Auswirkungen auf IT- und Security-Teams
Für Administratoren ist die größte Sorge eine mögliche Gefährdung in selbstgehosteten GitHub Actions-Runnern, Build-Agents und Entwicklerumgebungen, die betroffene Trivy-Komponenten ausgeführt haben. Organisationen, die tagbasierte Action-Referenzen oder nicht verifizierte Release-Artefakte verwenden, müssen möglicherweise davon ausgehen, dass Geheimnisse offengelegt wurden, und diese entsprechend rotieren.
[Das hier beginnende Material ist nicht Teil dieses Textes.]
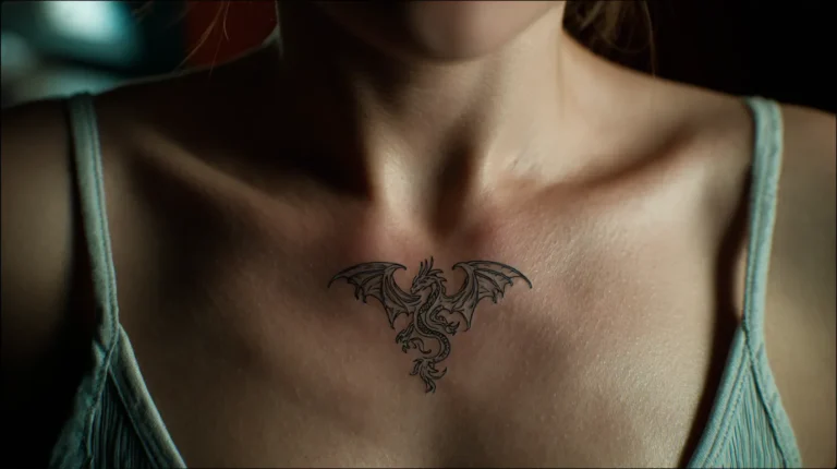 I love vertical placements like this because they elongate the neckline in such a pretty way. It feels dainty but still strong, which is honestly my favorite combination for a dragon tattoo.
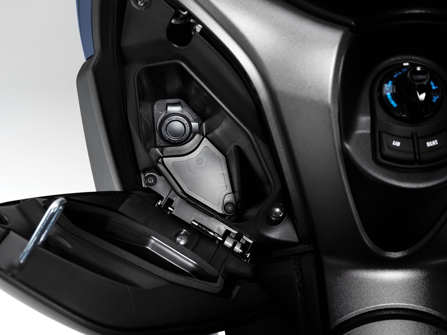 ช่องชาร์จแบตมือถือหรืออุปกรณ์นำทาง ขนาด 12V พร้อมช่องเก็บของด้านหน้า รวมทั้งกุญแจรีโมทอัจฉริยะ SMART KEY SYSTEM ที่สามารถใช้งานทั้งสตาร์ทหรือดับเครื่องยนต์, ปลดล็อกแฮนด์รถ / ปลดล็อกเบาะ / ปลดล็อกฝาปิดถังน้ำมัน และส่งสัญญาณตอบรับ ANSWER BACK
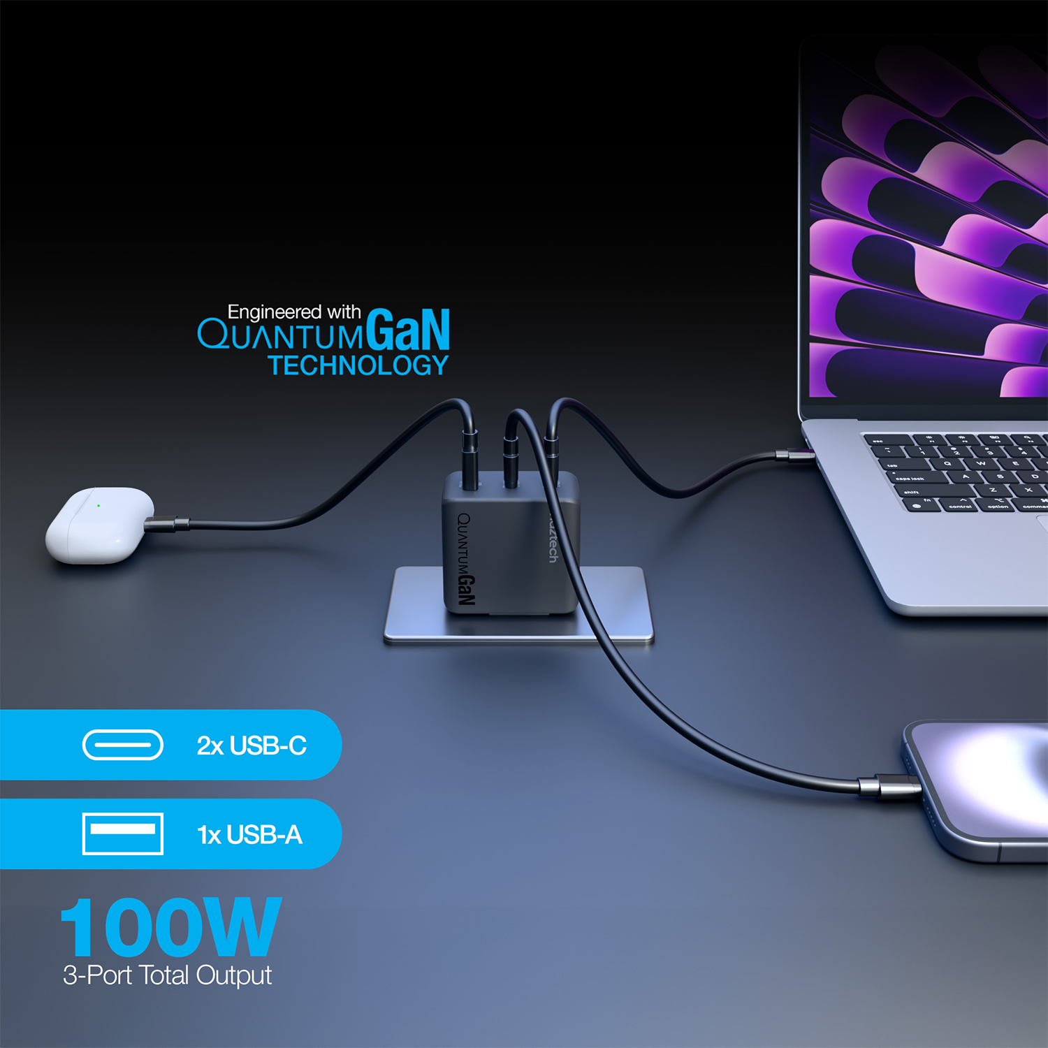 Nexus T100 combines three ports and 100W of power into an ultra-compact design that is 35% smaller than a single-port 96W MacBook Pro charger.

Microsoft sagt, dass Defender-Produkte dabei helfen können, verwandte Verhaltensweisen zu erkennen, darunter:
- Zugriff auf Cloud-Metadatendienste
- Aufzählung von Kubernetes-Geheimnissen
- Verdächtige DNS- oder ausgehende Verbindungen
- Mögliche Exfiltration mit gängigen Tools wie
curl
Empfohlene nächste Schritte
- Verwendung von Trivy v0.69.4,
trivy-actionundsetup-trivyin CI/CD-Workflows identifizieren. - GitHub Actions an Commit-SHA anheften statt an veränderliche Tags.
- Offengelegte Geheimnisse rotieren für Cloud-Konten, Kubernetes, Datenbanken und CI/CD-Plattformen.
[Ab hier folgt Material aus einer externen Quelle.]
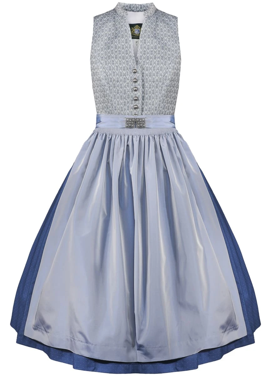 – Das blaue Dirndl von Hammerschmid hat eine Länge von 70 cm. Durch den Stehkragen und V-Ausschnitt wirkt das Dirndl besonders elegant. Mit der Knopfleiste auf der Vorderseite wird das Dirndl verschlossen.
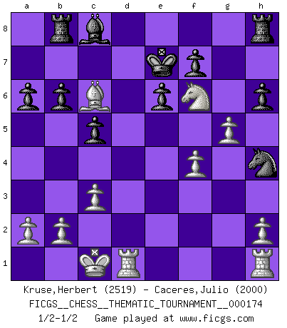 Last move : 1/2-1/2 2014 April 9 1:16:25 [Event "FICGS__CHESS__THEMATIC_TOURNAMENT__000174"] [Site "FICGS"] [Date "2014.01.14"] [Round "1"] [White "Kruse,Herbert"] [Black "Caceres,Julio"] [Result "1/2-1/2"] [WhiteElo "2519"] [BlackElo "2000"] 1.e4 e6 2.d4 d5 3.Nc3 Nf6 4.Bg5 Bb4 5.exd5 Qxd5 6.Bxf6 gxf6 7.Nge2 Nc6 8.Qd2 Bxc3 9.Nxc3 Qxd4 10.Qxd4 Nxd4 11.O-O-O c5 12.Ne4 b6 13.c3 Nf5 14.g4 Nh4 15.Nxf6+ Ke7 16.g5 h6 17.f4 Rb8 18.Bb5 a6 19.Bc6 1/2-1/2 French : MacCutcheon variation Queenside Castling by player White (move 11) This chess game ended in a draw. Follow this game move after move (download)I played Chess with him and would have beaten him sometimes only he always took back his last move, and ran the game out differently. (Mark Twain) Wie bekannt hörte Morphy 1859 auf, Schach zu spielen. Seine Enttäuschung galt nicht so sehr dem Schach, wie den Schachspielern. (Robert James Fischer) La pasion por jugar al Ajedrez es una de las mas inexplicables en el mundo. (H.G. Wells) On peut tirer plus d'utilité d'une partie perdue que de 100 parties gagnées. (Capablanca) Don't anthropomorphize computers - they hate it. (Anonymous)
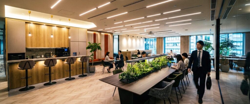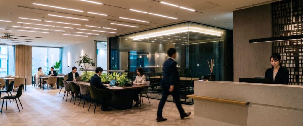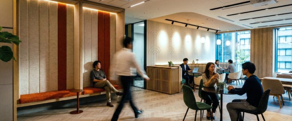 The designers did not merely copy the traditional style but simplified it into modern geometric lines, paired with the minimalist horizontal lines of the counter in front, presenting a sense of order filled with “Zen.” This fusion of old and new allows visitors to subconsciously feel “This is in Japan” upon entry, experiencing a deep connection between an international workspace and local culture.
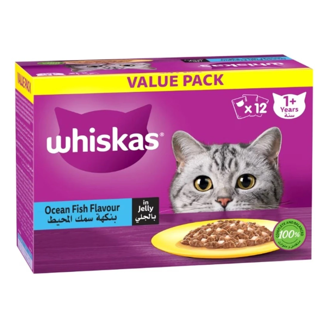 Whiskas Ocean Fish Flavour in Jelly Cat Wet Food is a delicious and nutritious meal specially formulated for cats aged 1 year and above. This pack contains 12 individual 80g pouches of ocean fish flavoured cat food in jelly, providing a balanced and complete diet for your feline friend.

- Aktivitäten auf selbstgehosteten Runnern überprüfen auf verdächtige Prozessausführung, Zugriff auf Metadatendienste und ausgehenden Datenverkehr.
- Microsoft Defender XDR und Defender for Cloud verwenden, um nach Indikatoren zu suchen und betroffene Ressourcen zu untersuchen.
Dieser Vorfall zeigt, wie stark sich Lieferkettenangriffe zunehmend auf Entwickler-Tooling konzentrieren. Security-Teams sollten CI/CD-Infrastruktur als hochwertige Produktionsinfrastruktur behandeln und entsprechend absichern.